As previously stated, the best way to help with an ankle sprain is using the RICE technique. Rest, this helps as it can ease pain and discomfort, ice, use for 15-20 minutes to help with swelling, compression, this will also help with swelling and it will compress the ankle to help slow down swelling and to prevent it, important to not wrap the bandage too tight as you do not want to hinder circulation. Lastly, elevation is also used to help reduce swelling, it is important to elevate above the heart, especially at night, gravity helps reduce swelling by draining excess fluid.

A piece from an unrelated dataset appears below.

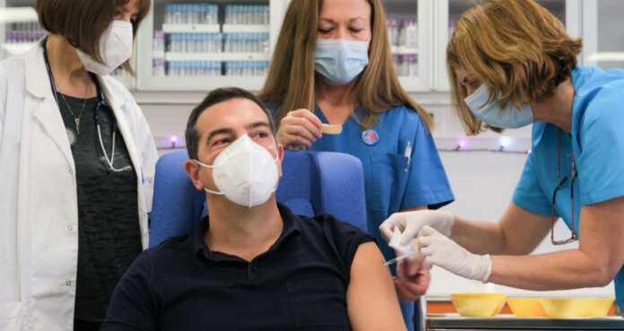 Εμβολιάστηκε ο πρόεδρος του ΣΥΡΙΖΑ που ζήτησε ενίσχυση του ΕΣΥ, προστασία των ευπαθών ομάδων και διεξαγωγή μαζικών δωρεάν τεστ, ταυτόχρονα με το πρόγραμμα εμβολιασμού.

Once the client can start weight bearing with the ankle sprain, as a rehabilitator one of the first steps to help the client is to give the client range of movement/motion (ROM) exercises, also need to. Making sure there is full ROM or it needs to be increased to get back to the normal ROM. After reaching full ROM, the therapist/rehabilitator will then provide the client with stretches, other exercises to help gain strength and stability back in the ankle, this is because once the ankle has been damaged, it becomes weak and is then easier to sprain the ankle again (reoccurring injury).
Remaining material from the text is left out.